Colorectal Screening, Genetic Testing: Earlier Is Better for People at Risk
Colorectal cancer is diagnosed after cancerous cells, often beginning as precancerous polyps, are found in the large intestine, or colon. These polyps can be tiny and cause no symptoms, so regular screening is suggested to remove polyps before they become cancerous.
Certain people may be at a greater risk for developing colorectal cancer, including those:
- Older than 50
- With a family history of colorectal cancer or polyps
- Who have genetic conditions that might make them more prone to having colon cancer
- Who have had other types of cancer
- Who have had ulcerative colitis or Crohn's disease
Cancer Now More Common in Young People
Aging increases a person's risk for developing cancer, but it is being diagnosed in people of all ages. In fact, cancers of the colon and rectum have been declining in older adults in recent decades and rising sharply in adults as young as 20.
Experts say people born in 1990 have double the risk of colon cancer and quadruple the risk of rectal cancer at, say, age 40, compared to someone born in 1950 at age 40. The American Cancer Society estimates about 13,500 new cases of colon and rectal cancers will be diagnosed in Americans under 50 this year.
Because doctors don't often consider this diagnosis in young adults, these patients may not get treatment until the disease has progressed.

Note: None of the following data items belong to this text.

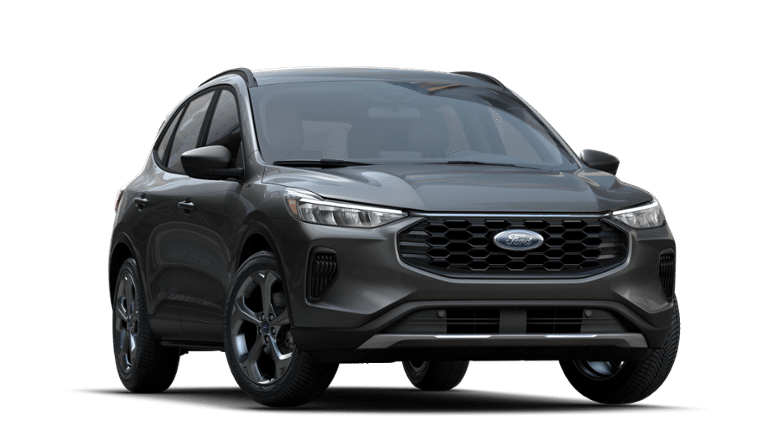 - Experience refined performance and bold style in the 2025 Ford Escape ST-Line AWD, finished in Carbonized Gray Metallic. Powered by a responsive 1.5L EcoBoost engine with Auto Start-Stop Technology and paired with an 8-speed automatic transmission, this Escape offers a sporty yet efficient drive. The ST-Line trim features unique black mesh grille accents, 18" Rock Metallic painted wheels, a distinctive rear spoiler, and LED headlamps and taillamps that enhance its aggressive appearance. Inside, the Ebony interior with red stitching creates a sporty, driver-focused cabin. Sport bucket front seats, a flat-bottom steering wheel, and a rotary gear shift dial add to the athletic feel. Comfort and convenience are prioritized with dual-zone automatic climate control, heated front seats, a heated steering wheel, and a power liftgateall part of the Cold Weather Package. Stay connected with FordPass Connect, SiriusXM with 360L, and smart features like Intelligent Access with push-button start and a remote start system. Safety is built-in with Ford Co-Pilot360 features like BLIS with Cross-Traffic Alert, a rearview camera, and the SOS Post-Crash Alert System. This all-wheel-drive Escape ST-Line is designed to turn heads and keep you confidently in control in any season.
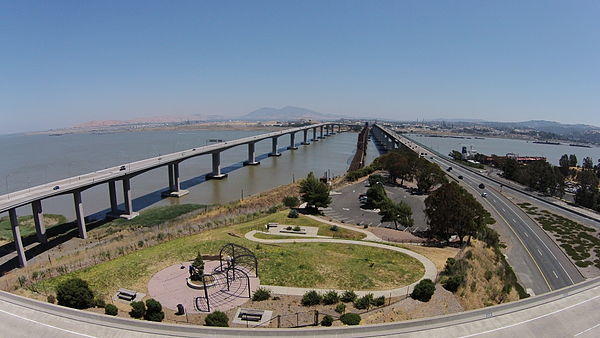 The original 1.2-mile (1.9 km) deck truss bridge opened in 1962 to replace the last automotive ferry service in the San Francisco Bay Area. The 1962 bridge has seven 528-foot (161 m) spans and 138 feet (42 m) of vertical clearance, now carrying four lanes of southbound traffic, as well as a path for pedestrians and bicyclists.[1] It was named the George Miller Jr., Memorial Bridge in 1975 after California state legislator George Miller Jr.[2] A 1.7-mile (2.7 km) bridge was built alongside and opened on August 25, 2007 with five lanes of northbound traffic. In 2007, it was named the Congressman George Miller Benicia–Martinez Bridge after U.S. Congressman George Miller, Miller Jr.'s son.[2] The cost of the 1962 span was US$25 million and US$1.3 billion for the 2007 span.[3] (Adjusted for inflation, equivalent to $211 million and $1.6 billion respectively.) The bridge is part of Interstate 680, a major transportation link connecting other heavily traveled freeways.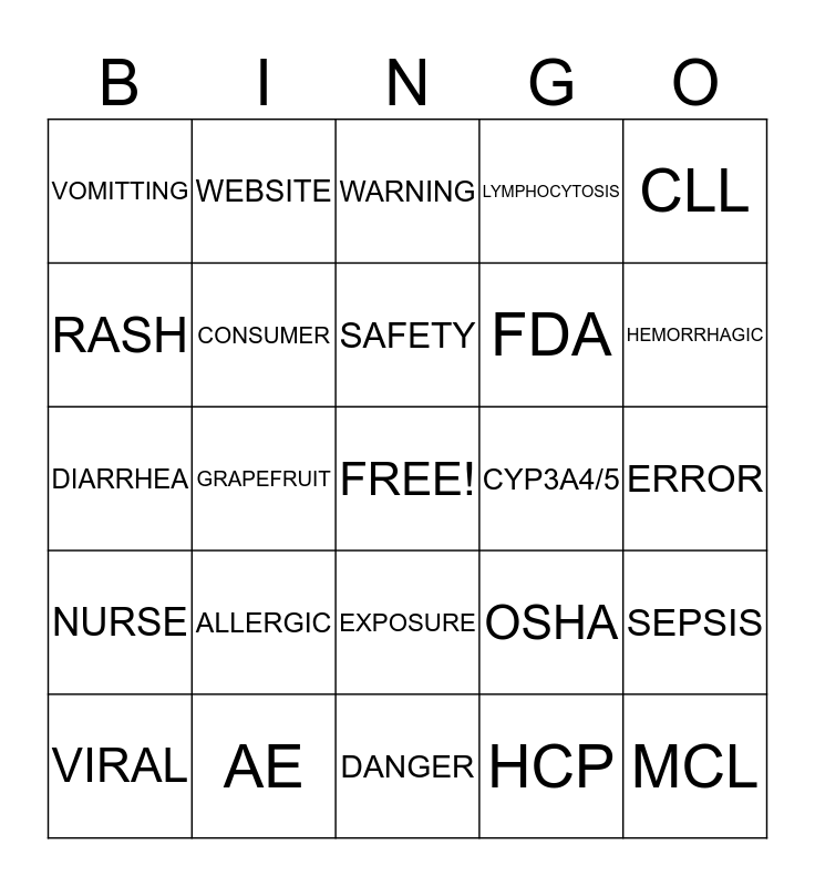 This bingo card has a free space and 59 words: UIAP, AE, PC, NURSE, HCP, PATIENT, CONSUMER, TRIAL, FDA, PREGNANCY, LYMPHOCYTOSIS, FATIGUE, RASH, INFECTION, NAUSEA, VOMITTING, MCL, CLL, BTKI, SAFETY, CYP3A4/5, WARNING, VIRAL, SEPSIS, CONTUSION, EPISTAXIS, PETECHIAE, THROMBOCYTOPENIA, HEMORRHAGIC, TRADENAME, ANTICOAGULANT, CONGENITAL, OVERDOSE, PHARMACY, WEBSITE, CARCINOGENESIS, TOXICITY, GRAPEFRUIT, SEVILLE, DIARRHEA, BLEEDING, ALLERGIC, ERROR, PACKAGING, REGULATIONS, HAZARD, INHALATION, MSDS, EXPOSURE, DANGER, RISK, COMPLIANCE, PERSISTANCY, CELLULOSE, GENOTOXICITY, OSHA, WELCOMECALL, FORMS and ABBREVIATIONS.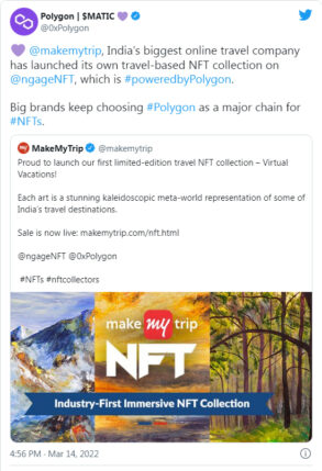 پالیگان این خبر را به اشتراک می گذارد که “makemytrip”، یکی از بزرگترین شرکت های مسافرتی آنلاین هند، مجموعه NFT مبتنی بر سفر خود را بر روی ngageNFT مجهز به پالیگان راه اندازی کرده است.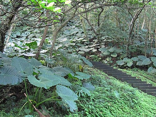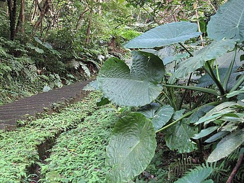沿著步道兩旁,長滿了巨大姑婆芋!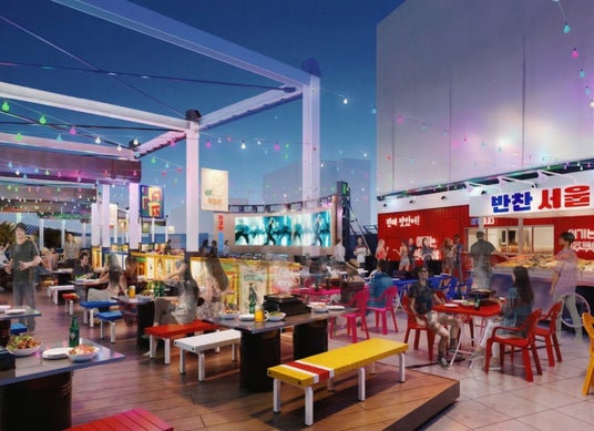 ネオンがきらめく屋上空間で、韓国の屋台文化「ポジャンマチャ」の雰囲気をイメージしたビアガーデンです。会場内には、人気の韓国惣菜が並ぶ「パンチャン&キムチバー」をはじめ、不定期で開催されるアイドルやシンガーによるライブステージ、さらに本場韓国の最新トレンドを体感できるブースなど、食とエンターテインメントが融合した多彩なコンテンツを展開予定です。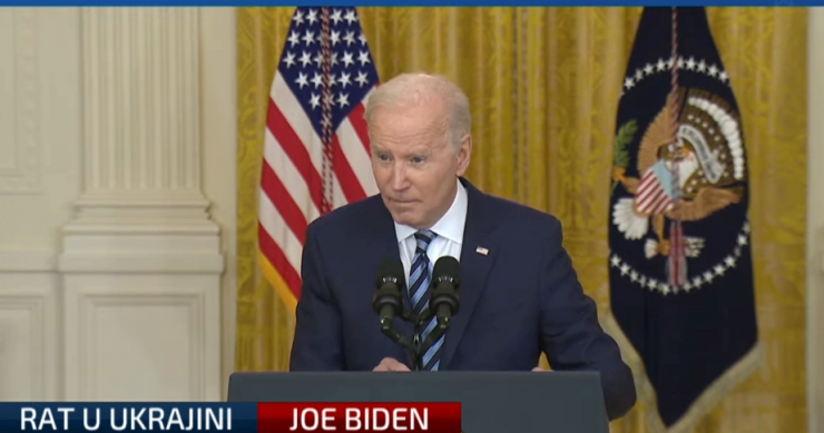 Američki predsjednik Joe Biden obraća se novinarima povodom rata u Ukrajini.

Several reasons have been offered for this increase in colorectal cancers in younger adults, including rising obesity and poor diets. But a major factor appears to be genetics - a family history of cancer.

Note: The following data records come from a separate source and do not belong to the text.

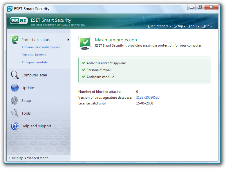 NOD32 Antivirus / ESET Internet Security / Eset Smart ... ESET Smart Security Ultimate protection for everyday web users, thanks to ESET's trademark best balance of detection, speed and usability. Stay safe from viruses and spyware. Stay protected from...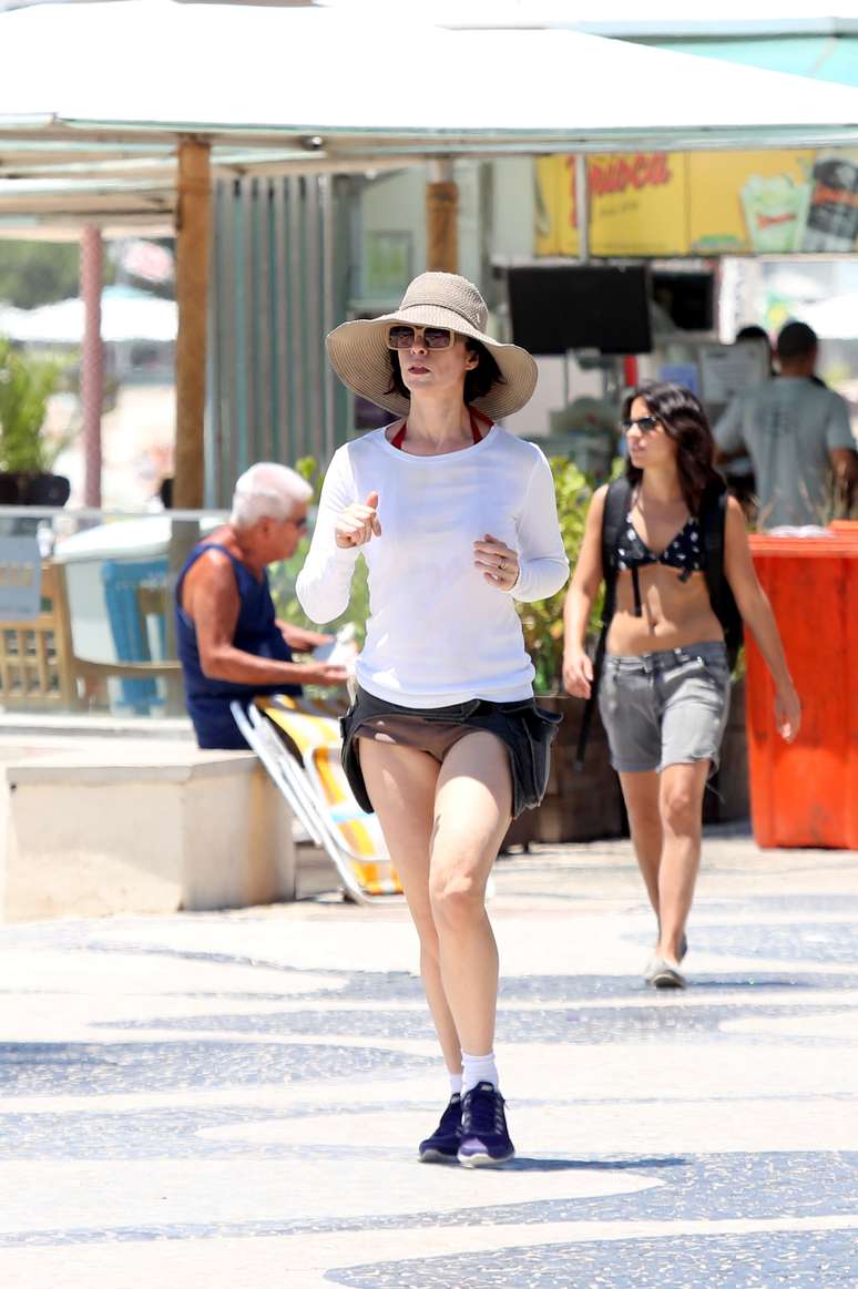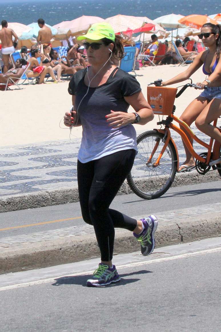 Preocupada com os efeitos do sol, a atriz Fernanda Torres aposta no chapelão para proteger o rosto e o cabelo na corrida na orla de Ipanema.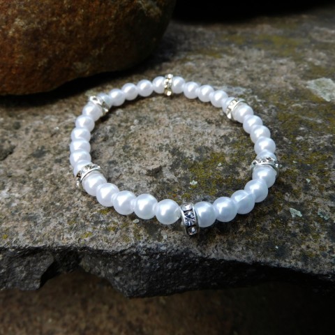 Náramek z bílých perliček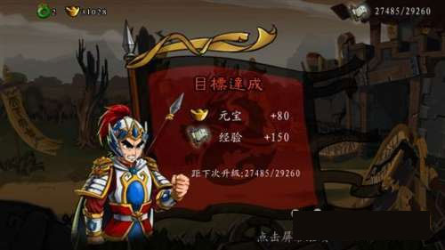 击杀12个黄巾贼的任务完成后,在击杀几个小兵,那么这关的boss先生:邓茂也就出现了,然后我们会看到这个时候,我们的大技能也该冷却完毕了,然后我们就可以像玩水果忍者一样玩boss先生了。大技能结束后,我想boss不会剩下太多的血了,普攻几下就过了。

Higher Risks in Families with Cancer History
As many as one in five people who develop colorectal cancer have other family members who have had it.
"Risk is higher with a cancer family history, especially if the a relative was diagnosed with cancer when younger than 45 or if more than one relative was affected," said Morgan Dally, MS, CGC, LGC, Cancer Genetic Counselor at the Franciscan Health Cancer Center. "Precancerous polyps in a family member also is linked to higher risk."

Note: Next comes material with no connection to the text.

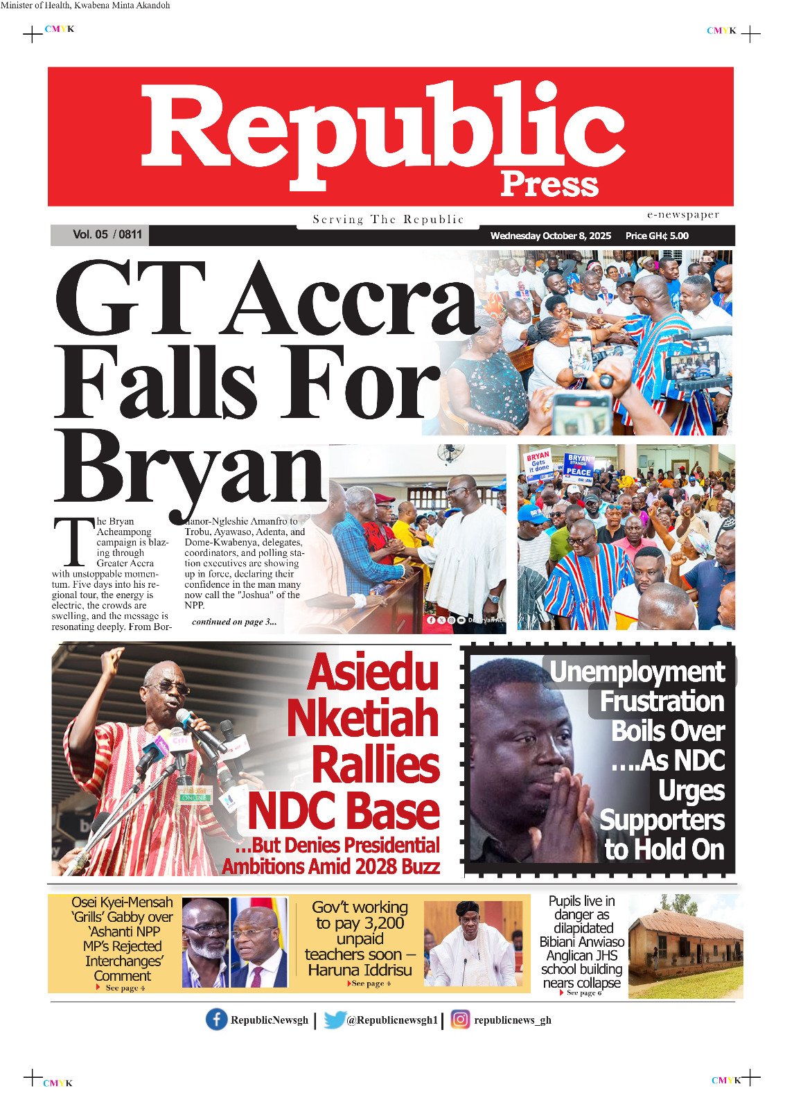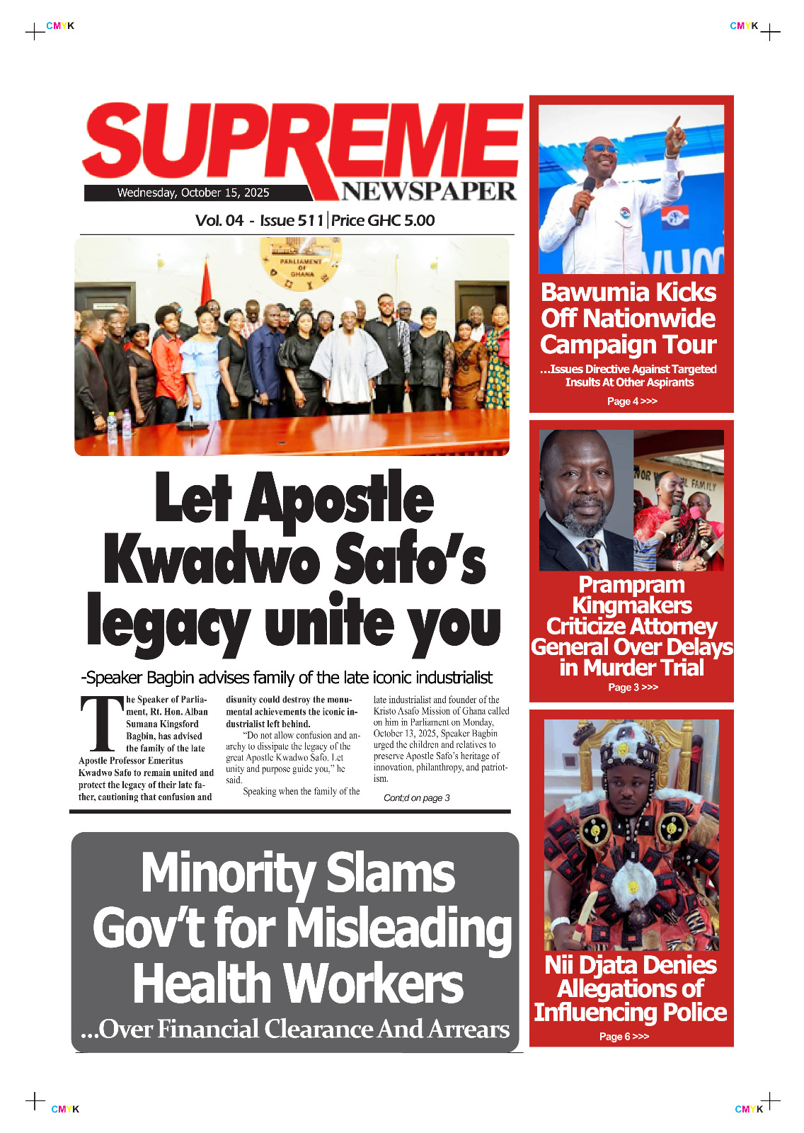 Accueil/actualites/Photos. Headlines from Ghana, this Wednesday, October 15, 2025 actualitesPOLITIQUERevue de presseSOCIETE Photos. Headlines from Ghana, this Wednesday, October 15, 2025 Ghana : Headlines this Wednesday, October 15, 2025 Juloil y a 3 heures0 96 Moins d’une minute Ghana : Headlines this Wednesday, October 15, 2025 Read more GhanaNews Tags2025 actualités ghanéennes GhanaNews headlines John Dramani Mahama trip in China journaux médias newspapers October 15 Photos politique revue de presse this Wednesday Juloil y a 3 heures0 96 Moins d’une minute Facebook X Linkedin Tumblr Pinterest Reddit VKontakte Partager par email Imprimer

Dangers of an Inherited Syndrome
The American Cancer Society reports that about 5 to 10 percent of cancers are hereditary, caused by underlying gene changes (mutations) that can cause family cancer syndromes. The most common inherited syndromes linked with colorectal cancers are familial adenomatous polyposis (or FAP) and Lynch syndrome, but other rarer syndromes also can increase colorectal cancer risk, according to Dally.
"Identifying families with these hereditary risks is important since colorectal cancer may develop early in these people and also may contribute to other types of cancer,” Dally said. “Early identification means doctors can recommend screening and other preventive measures before the cancer progresses."
Dally recommends that if you have a family history of polyps, colorectal cancer or an inherited syndrome, talk with your doctor about when you should begin screening. Also, if you personally have had polyps or colorectal cancer, please tell your close relatives so they can follow-up with their physicians.
You might also consider genetic testing to assess your cancer risk.